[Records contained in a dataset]
^^^^^^^^

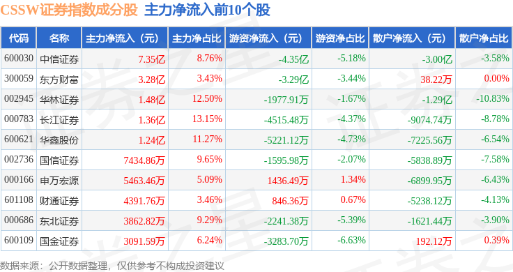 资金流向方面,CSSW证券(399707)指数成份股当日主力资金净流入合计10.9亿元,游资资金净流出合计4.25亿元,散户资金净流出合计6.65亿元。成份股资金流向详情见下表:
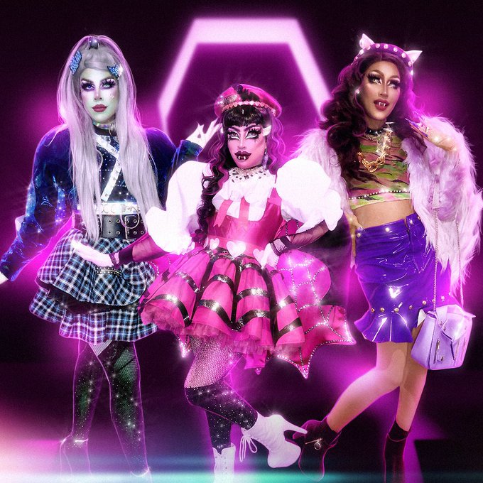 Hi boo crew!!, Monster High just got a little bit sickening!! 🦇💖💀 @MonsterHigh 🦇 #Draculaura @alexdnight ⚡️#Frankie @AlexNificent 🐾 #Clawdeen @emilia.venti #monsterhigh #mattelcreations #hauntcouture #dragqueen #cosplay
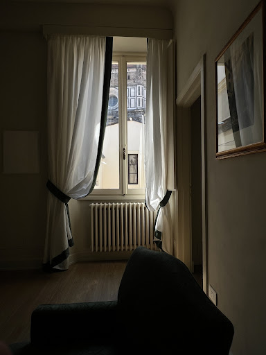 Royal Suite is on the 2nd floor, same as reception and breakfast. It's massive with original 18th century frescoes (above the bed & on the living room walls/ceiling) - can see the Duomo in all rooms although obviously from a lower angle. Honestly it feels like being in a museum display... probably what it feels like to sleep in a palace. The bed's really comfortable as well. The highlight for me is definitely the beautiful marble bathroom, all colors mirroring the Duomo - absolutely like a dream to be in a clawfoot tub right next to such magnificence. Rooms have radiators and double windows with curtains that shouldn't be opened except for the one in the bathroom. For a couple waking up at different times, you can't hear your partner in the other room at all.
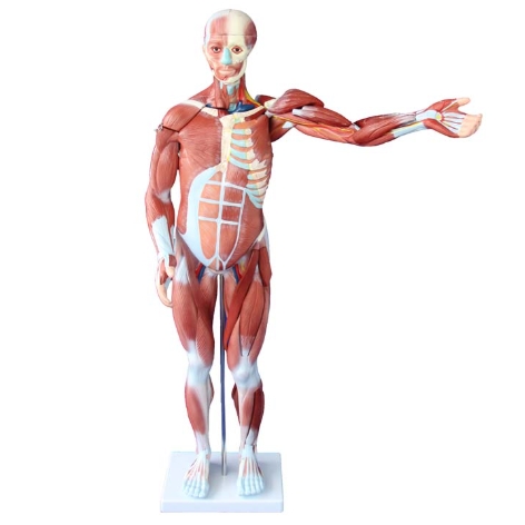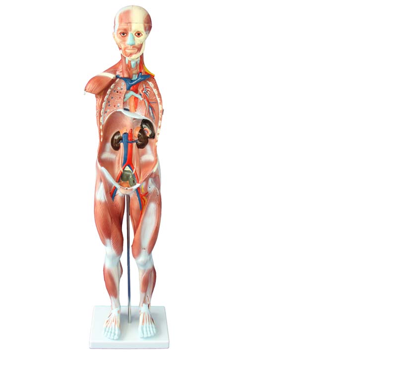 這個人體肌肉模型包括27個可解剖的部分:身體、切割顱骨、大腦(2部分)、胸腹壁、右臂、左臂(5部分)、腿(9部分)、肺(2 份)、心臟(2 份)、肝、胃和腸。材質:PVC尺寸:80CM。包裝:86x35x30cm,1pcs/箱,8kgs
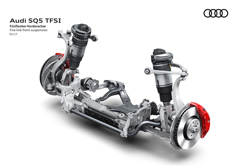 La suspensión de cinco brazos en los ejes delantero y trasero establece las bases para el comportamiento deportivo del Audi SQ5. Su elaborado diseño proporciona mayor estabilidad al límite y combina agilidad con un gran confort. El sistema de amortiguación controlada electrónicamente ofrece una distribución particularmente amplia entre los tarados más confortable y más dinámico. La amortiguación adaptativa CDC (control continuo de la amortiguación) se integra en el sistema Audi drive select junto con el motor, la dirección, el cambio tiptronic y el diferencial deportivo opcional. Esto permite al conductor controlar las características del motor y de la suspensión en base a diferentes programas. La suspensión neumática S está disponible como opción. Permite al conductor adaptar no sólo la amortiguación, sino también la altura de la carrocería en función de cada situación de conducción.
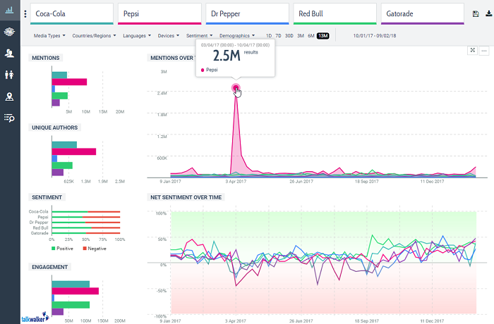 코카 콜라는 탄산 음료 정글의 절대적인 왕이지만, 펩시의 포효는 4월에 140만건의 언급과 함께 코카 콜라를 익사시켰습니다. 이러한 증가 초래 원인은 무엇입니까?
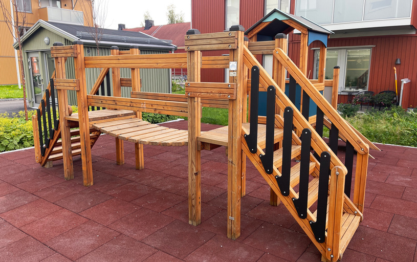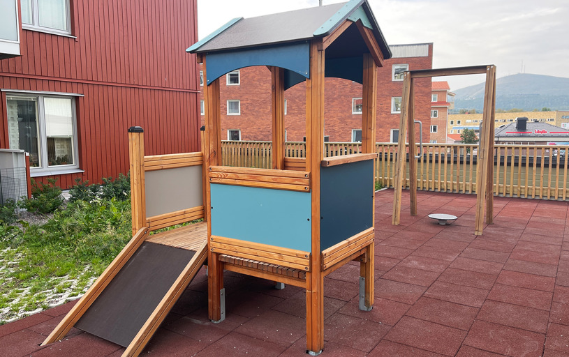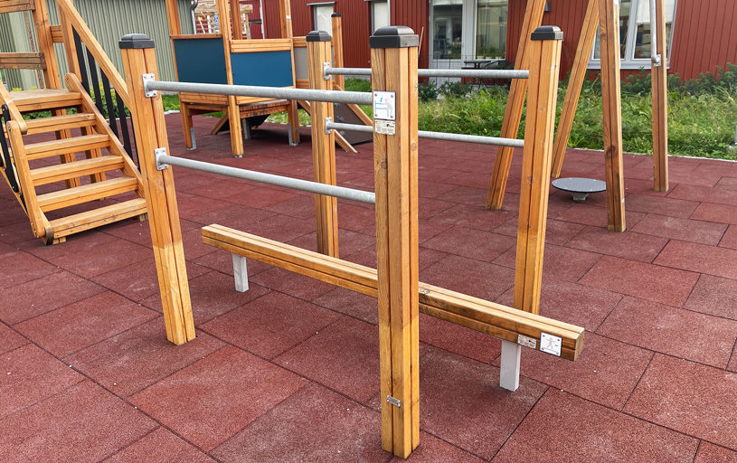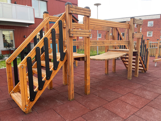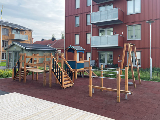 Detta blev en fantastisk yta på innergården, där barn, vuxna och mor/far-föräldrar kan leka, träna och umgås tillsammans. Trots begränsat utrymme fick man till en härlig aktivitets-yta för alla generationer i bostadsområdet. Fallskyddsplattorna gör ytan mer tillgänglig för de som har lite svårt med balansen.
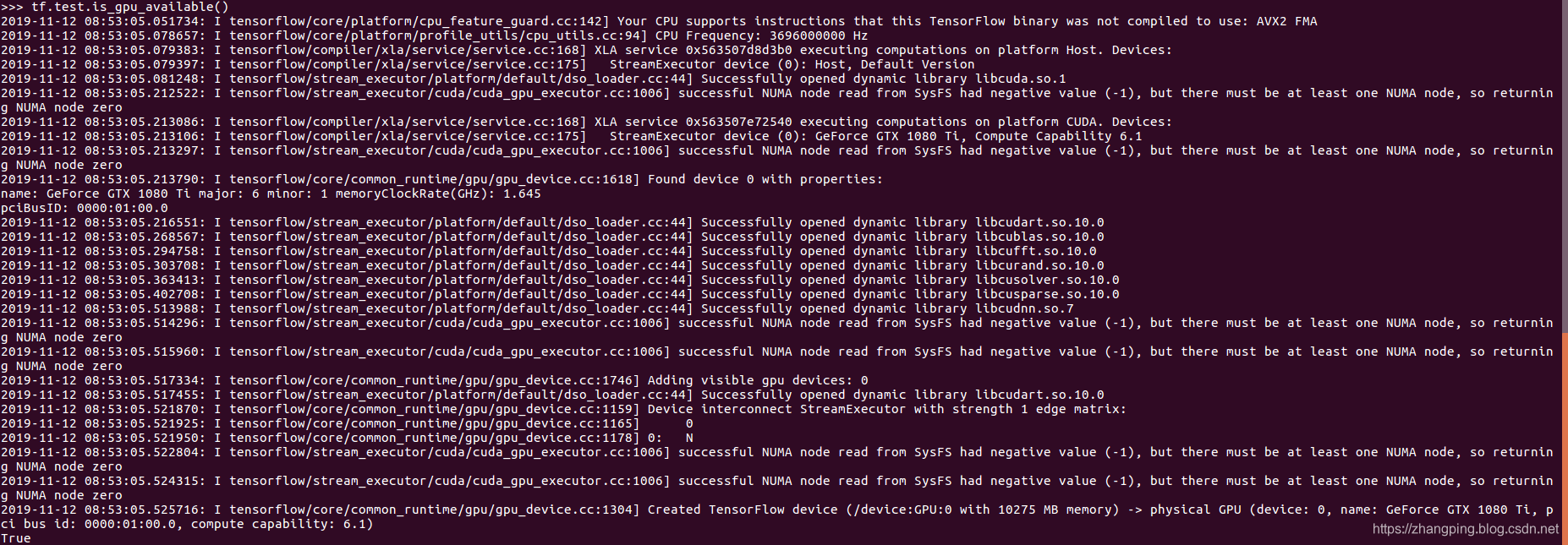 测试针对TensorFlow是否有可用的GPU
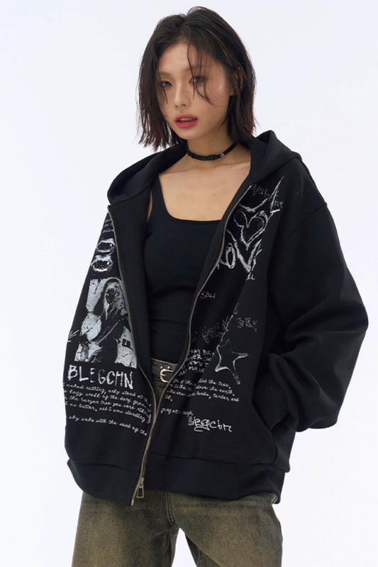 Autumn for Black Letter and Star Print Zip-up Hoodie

^^^^^^^^

» Exercise description
From the first line to the last, return the records exactly and leave the pictures behind.

» Reply to the exercise
 资金流向方面,CSSW证券(399707)指数成份股当日主力资金净流入合计10.9亿元,游资资金净流出合计4.25亿元,散户资金净流出合计6.65亿元。成份股资金流向详情见下表:
 Hi boo crew!!, Monster High just got a little bit sickening!! 🦇💖💀 @MonsterHigh 🦇 #Draculaura @alexdnight ⚡️#Frankie @AlexNificent 🐾 #Clawdeen @emilia.venti #monsterhigh #mattelcreations #hauntcouture #dragqueen #cosplay
 Royal Suite is on the 2nd floor, same as reception and breakfast. It's massive with original 18th century frescoes (above the bed & on the living room walls/ceiling) - can see the Duomo in all rooms although obviously from a lower angle. Honestly it feels like being in a museum display... probably what it feels like to sleep in a palace. The bed's really comfortable as well. The highlight for me is definitely the beautiful marble bathroom, all colors mirroring the Duomo - absolutely like a dream to be in a clawfoot tub right next to such magnificence. Rooms have radiators and double windows with curtains that shouldn't be opened except for the one in the bathroom. For a couple waking up at different times, you can't hear your partner in the other room at all.
 這個人體肌肉模型包括27個可解剖的部分:身體、切割顱骨、大腦(2部分)、胸腹壁、右臂、左臂(5部分)、腿(9部分)、肺(2 份)、心臟(2 份)、肝、胃和腸。材質:PVC尺寸:80CM。包裝:86x35x30cm,1pcs/箱,8kgs
 La suspensión de cinco brazos en los ejes delantero y trasero establece las bases para el comportamiento deportivo del Audi SQ5. Su elaborado diseño proporciona mayor estabilidad al límite y combina agilidad con un gran confort. El sistema de amortiguación controlada electrónicamente ofrece una distribución particularmente amplia entre los tarados más confortable y más dinámico. La amortiguación adaptativa CDC (control continuo de la amortiguación) se integra en el sistema Audi drive select junto con el motor, la dirección, el cambio tiptronic y el diferencial deportivo opcional. Esto permite al conductor controlar las características del motor y de la suspensión en base a diferentes programas. La suspensión neumática S está disponible como opción. Permite al conductor adaptar no sólo la amortiguación, sino también la altura de la carrocería en función de cada situación de conducción.
 코카 콜라는 탄산 음료 정글의 절대적인 왕이지만, 펩시의 포효는 4월에 140만건의 언급과 함께 코카 콜라를 익사시켰습니다. 이러한 증가 초래 원인은 무엇입니까?
 Detta blev en fantastisk yta på innergården, där barn, vuxna och mor/far-föräldrar kan leka, träna och umgås tillsammans. Trots begränsat utrymme fick man till en härlig aktivitets-yta för alla generationer i bostadsområdet. Fallskyddsplattorna gör ytan mer tillgänglig för de som har lite svårt med balansen.
 测试针对TensorFlow是否有可用的GPU
 Autumn for Black Letter and Star Print Zip-up Hoodie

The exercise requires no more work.